= Beginning of Section =
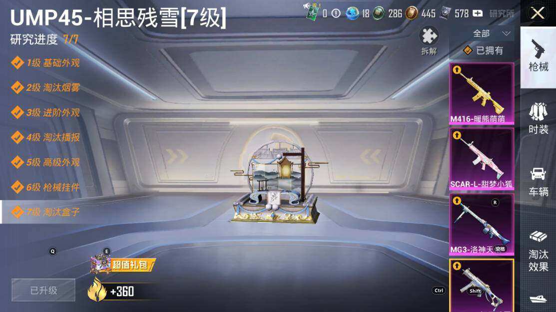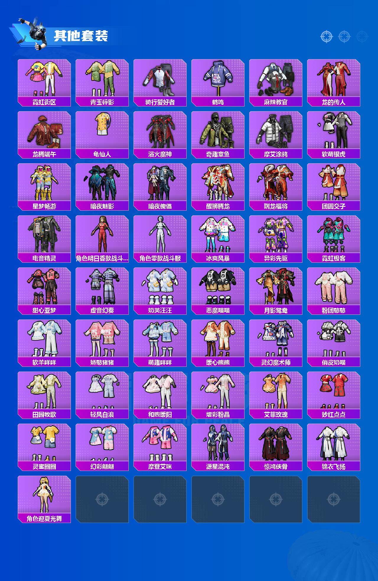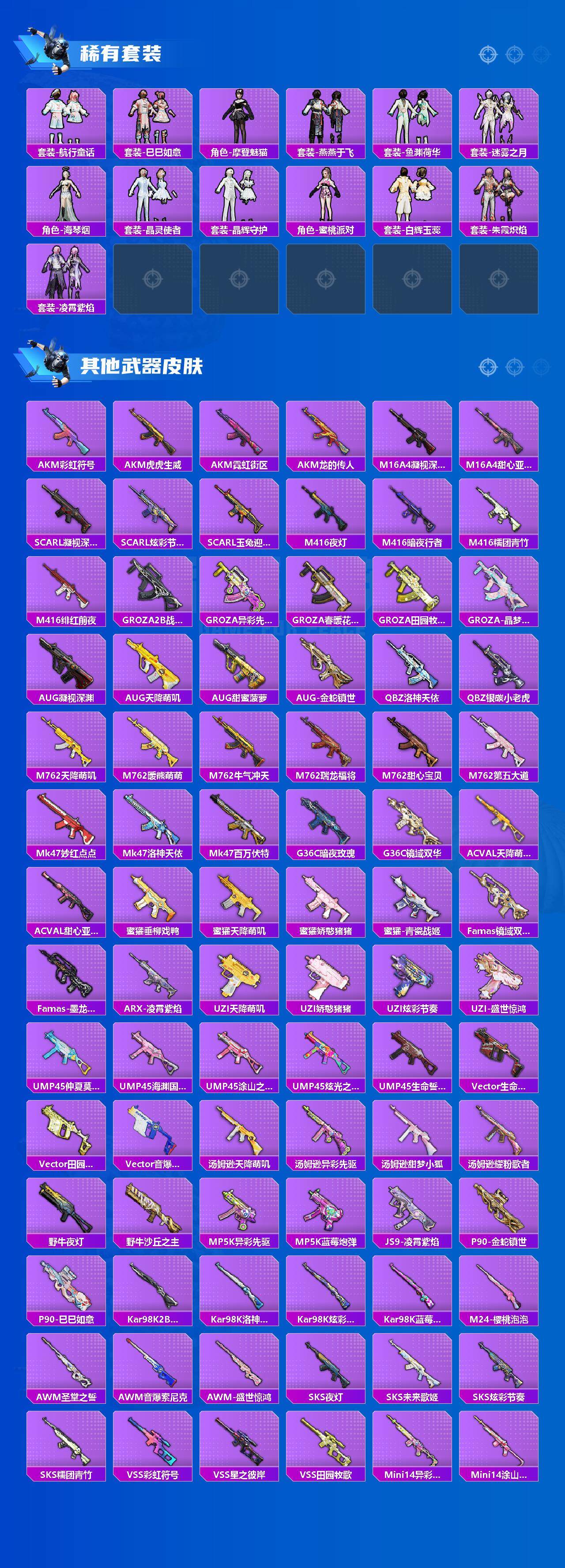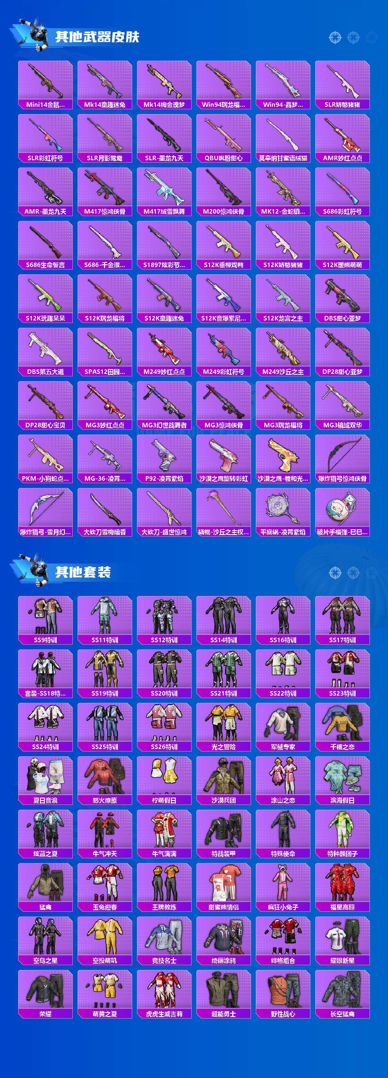 AKM-星际浪客,AKM-幽焰骑士,SCAR-L-甜梦小狐,SCAR-L-金蛇镇世,M416-暖熊萌萌,M416-墨龙九天,UMP45-相思残雪,P90-沙丘之主,Kar98K-巳巳如意,M417-第五大道,MG3-洛神天依,烟雾弹-丁香清露
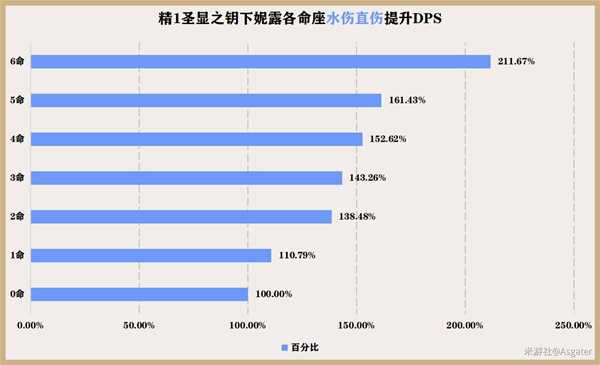 妮露自身的水元素伤害来自元素战技、元素爆发,升级优先级低于战技、大招。
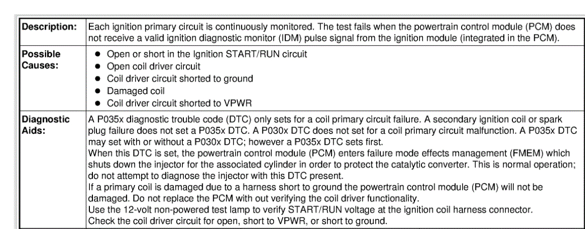 JF: Integrated Ignition Coil On Plug Coil A Through J Failure
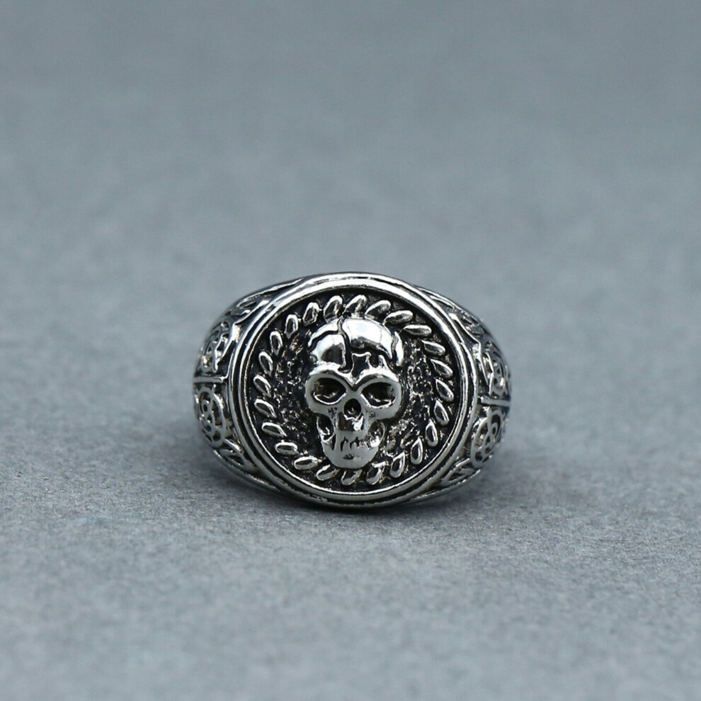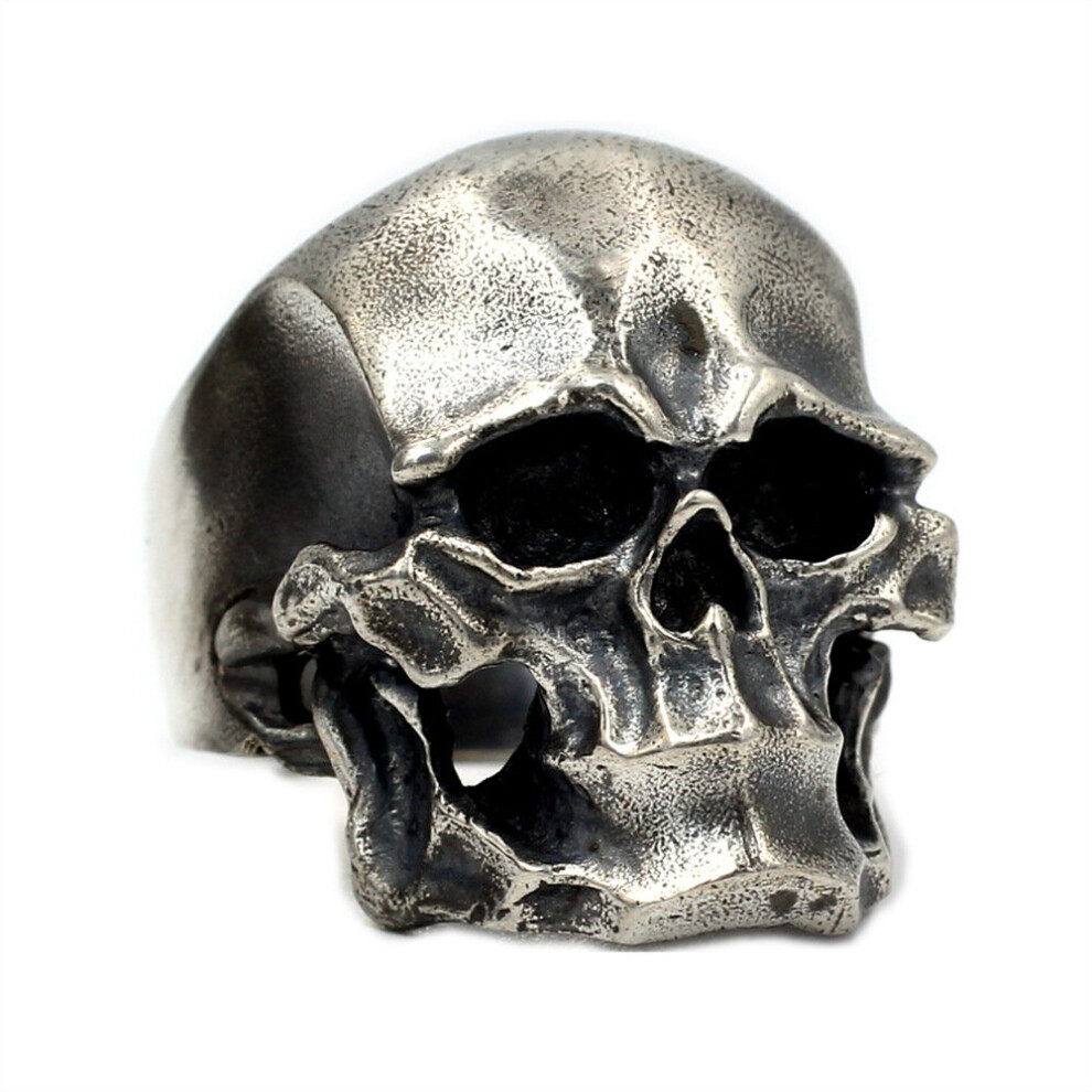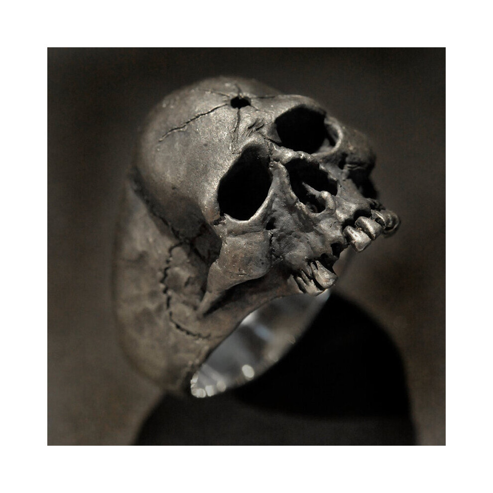 Vintage 100% 925 Sterling Silver Mens Calvarium Skull Ring Gothic Biker Ring Motorcycle Band jewellery
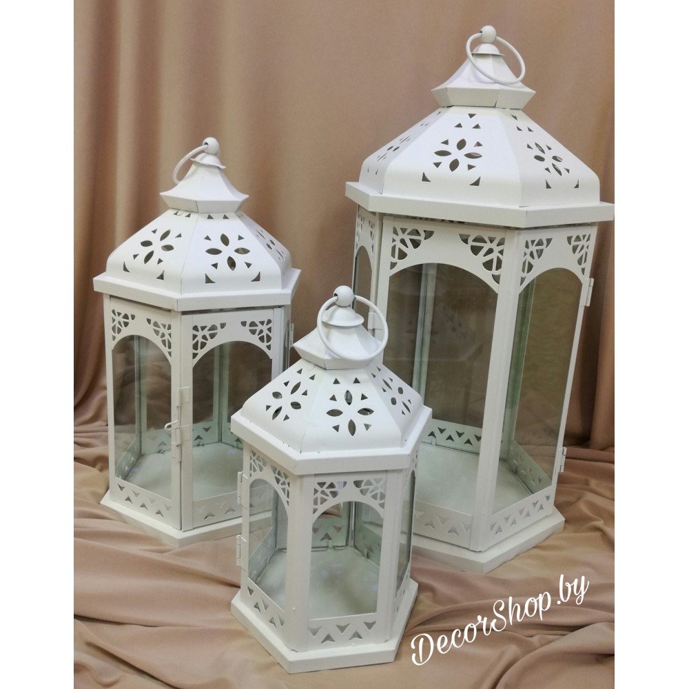 •  Набор декоративных фонарей-подсвечников. Материал:  металл, стекло. Высота: 43см, 34см, 24см.   ..
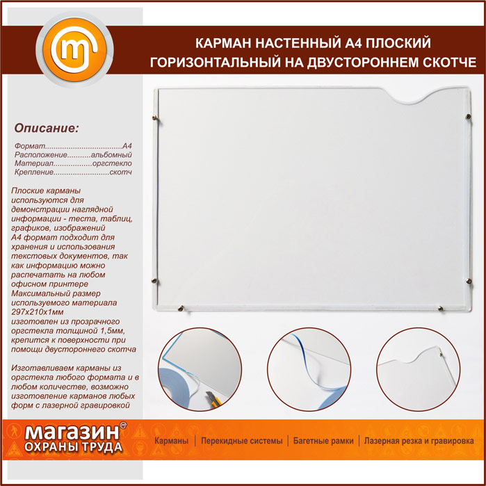 Карман настенный А4 плоский горизонтальный на двустороннем скотче в Ижевске купить
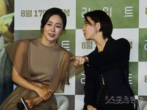 배우 문정희와 진서연이 14일 서울 광진구 자양동 롯데시네마 건대입구점에서 열린 영화 ‘리미트’ 제작보고회에서 이야기를 하고 있다.
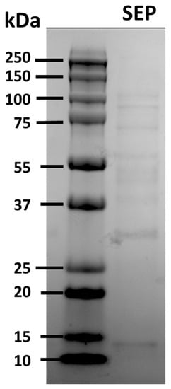 The total protein concentration of the SEPs was measured using Bradford’s method with Bradford Reagent (2-D Quant Kit-GE, Cytiva Marlborough, MA, USA) and bovine serum albumin (BSA) solution as a standard [26]. Samples of SEPs before and after dialysis were separated using sodium dodecyl sulfate-polyacrylamide gel electrophoresis (SDS-PAGE). A total of 20 µL of SEPs (5–10 μg/mL) was loaded on precast gels (Bio-Rad, Hercules, CA, USA) for a 12% Tricine SDS-PAGE. After electrophoresis, the gel was stained with 0.1% Coomassie Brilliant Blue (Bio-Rad, Hercules, CA, USA) for 45 min, followed by destaining. The PageRuler™ Prestained Protein Ladder, 10 to 180 kDa (Bio-Rad, Hercules, CA, USA), was included to estimate the molecular size of the protein bands.
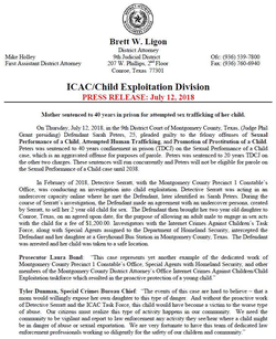 “This case represents yet another example of the dedicated work of Montgomery County Precinct 1 Constable’s Office, Special Agents with Homeland Security and other members of the Montgomery County District Attorney’s Office Internet Crimes Against Children/Child Exploitation taskforce which resulted in the proactive protection of a young child,”Prosecutor Laura Bond said. [1]
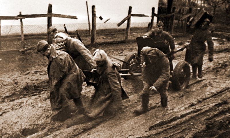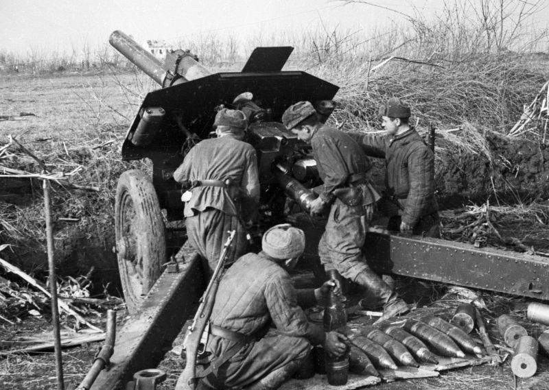 “Зима-весна 1945г. Расчёт 45-мм противотанковой пушки (53-К) образца 1942 года меняет огневую позицию, в ходе боёв в Венгрии. В случае необходимости артиллеристам приходилось самим выступать в роли тягловой силы.”;
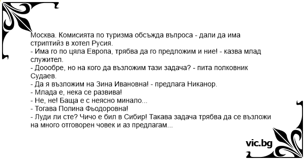 Москва. Комисията по туризма обсъжда въпроса - дали да има стриптийз в хотел Русия.
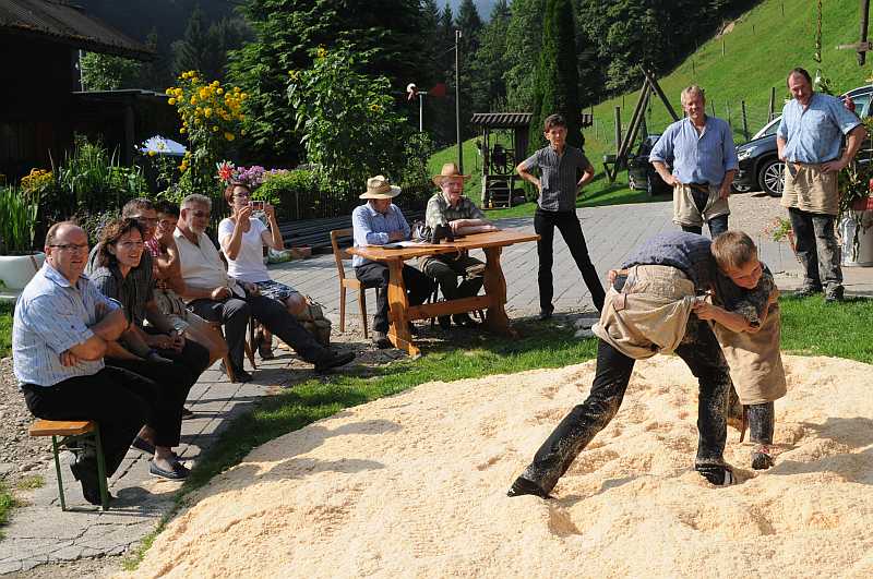Brüder Silvan und Fabian Aregger demonstrieren einen Bubenschwinget.
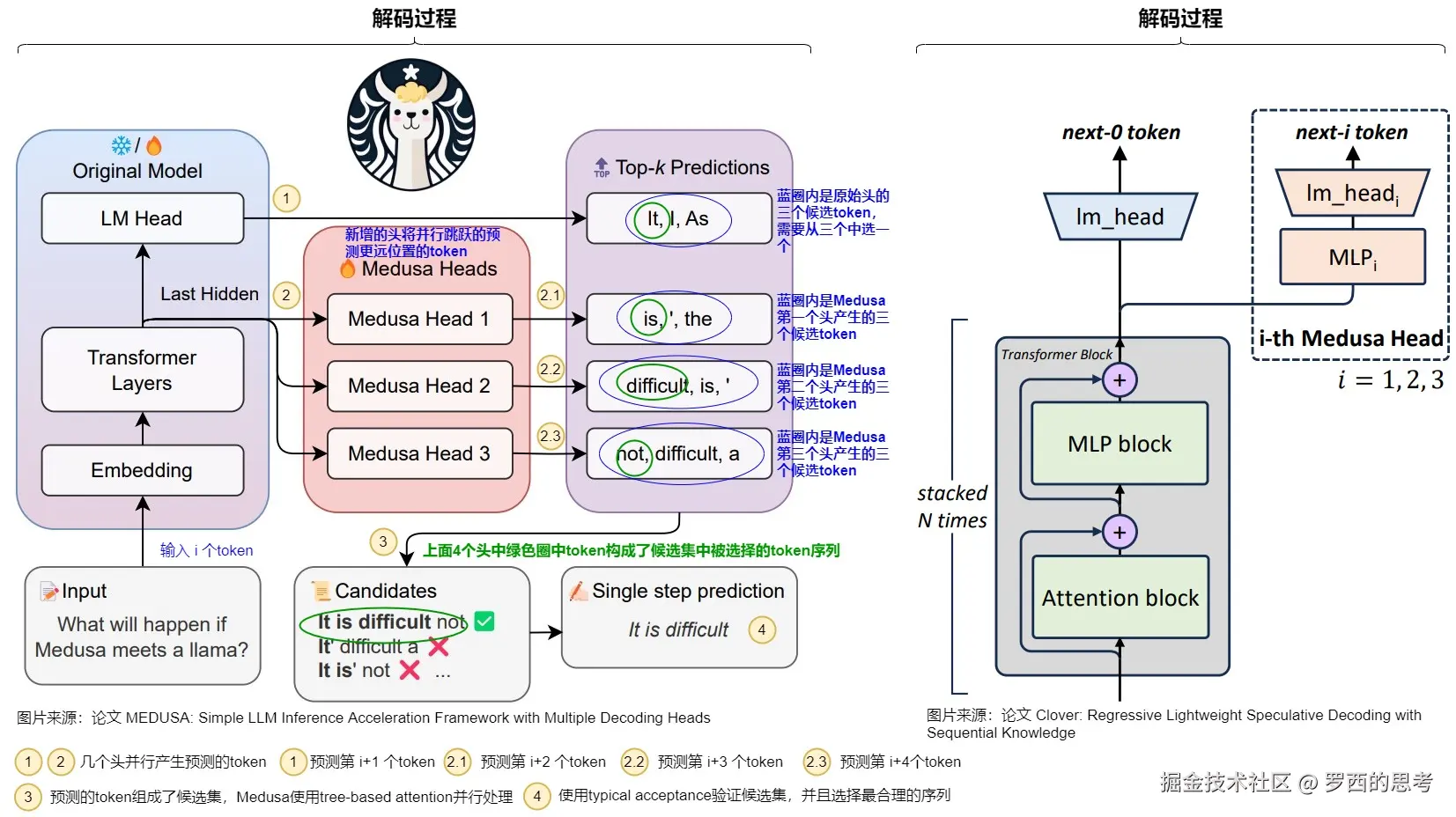 | 多头 | 加入k个project layer,这k个project layer的输出就是k个不同位置token的logits | 在 LLM 的最后一个 Transformer Layer 之后保留原始的 LM Head,然后额外增加多个 Medusa Head,获得多个候选的 Token 序列 | |
= End of Section =
What you should do
Exactly and only the lines from the top of the records down to the line containing "배우 문정희와 진서연이" should be transcribed, please, without the pictures.

Completed task
 AKM-星际浪客,AKM-幽焰骑士,SCAR-L-甜梦小狐,SCAR-L-金蛇镇世,M416-暖熊萌萌,M416-墨龙九天,UMP45-相思残雪,P90-沙丘之主,Kar98K-巳巳如意,M417-第五大道,MG3-洛神天依,烟雾弹-丁香清露
 妮露自身的水元素伤害来自元素战技、元素爆发,升级优先级低于战技、大招。
 JF: Integrated Ignition Coil On Plug Coil A Through J Failure
 Vintage 100% 925 Sterling Silver Mens Calvarium Skull Ring Gothic Biker Ring Motorcycle Band jewellery
 •  Набор декоративных фонарей-подсвечников. Материал:  металл, стекло. Высота: 43см, 34см, 24см.   ..
 Карман настенный А4 плоский горизонтальный на двустороннем скотче в Ижевске купить
 배우 문정희와 진서연이 14일 서울 광진구 자양동 롯데시네마 건대입구점에서 열린 영화 ‘리미트’ 제작보고회에서 이야기를 하고 있다.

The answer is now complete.